Fizzer made Warzone Idle because he likes idle games and wanted to make his own.
There's also a revenue component (as stated on stream) that motivated its creation. Idle is quite obviously also there to make money and remove coins from the market; it's a pay-to-progress game (pay-to-win when it comes to Idle Battles) and has one of the 2 WZ purchases that can't be made with coins (Super Army Camp, Name Change).
Phakh is making his case that this revenue component outweighs the motivation that you described. Simply pointing out that there's another stated motivation doesn't really respond to his point, because he's clearly aware of that if he's arguing that revenue is the
real motivation.
over 100,000 people play this game
Peak MAUs were 80k (see: Warlight's response to Activision's motion to dismiss Warlight's countersuit). Current MAUs are probably around 60k (see: Semice's datadump).
Note: the charts below are from Semice's datadump, not from official sources, and I make no guarantee of their correctness.But in terms of the activity, a massive share (probably the majority) comes from the visible highly-active players: 40% of accounts (pre-Idle, probably higher now) quit before Level 2, 50% before their 4th multi-player game (again, pre-Idle).
This is what the activity distribution looked like (again, pre-Idle):
So really, 60k is a wildly inflated number if you want to estimate how many people
actually play this game vs. people who check it out for a bit and then leave.

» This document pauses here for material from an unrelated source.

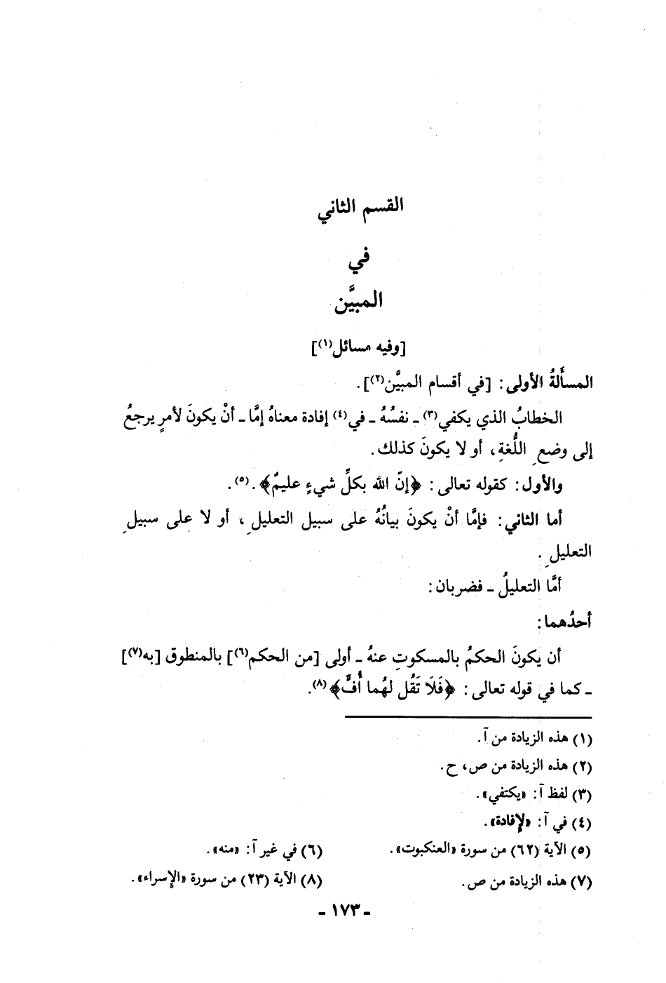 القسم الثاني في المبين وفيه مسائل المسألة الأولى في أقسام المبين الخطاب الذي يكفي نفسه في إفادة معناه إما أن يكون لأمر يرجع إلى وضع اللغة أو لا يكون كذلك والأول كقوله تعالى أن الله بكل شئ عليم أما الثاني فإما أن يكون بيانه على سبيل التعليل أولا على سبيل التعليل

That 60-80k includes new joins. Going by pre-Idle rates, there were about 280 new accounts/day, so that's 8k new joins per month. Here's what happened to the new accounts that were created in a recent pre-COVID cohort:
The MAU number then also includes ~8k new accounts, of which ~5k join and permanently quit within the month (if this pre-COVID cohort is representative).
I think if you look at where the activity comes from, there's not as many "hidden" players out there as your figure implies. Given the activity distribution, I suspect that an average member of the visible and active community has pretty good visibility into the the part of the playerbase that regularly plays. Personally, I'd even make the claim that the community has by far the
best visibility into what the active playerbase wants, albeit w.r.t. player quality-of-life improvements and not in terms of what would translate into revenue or activity.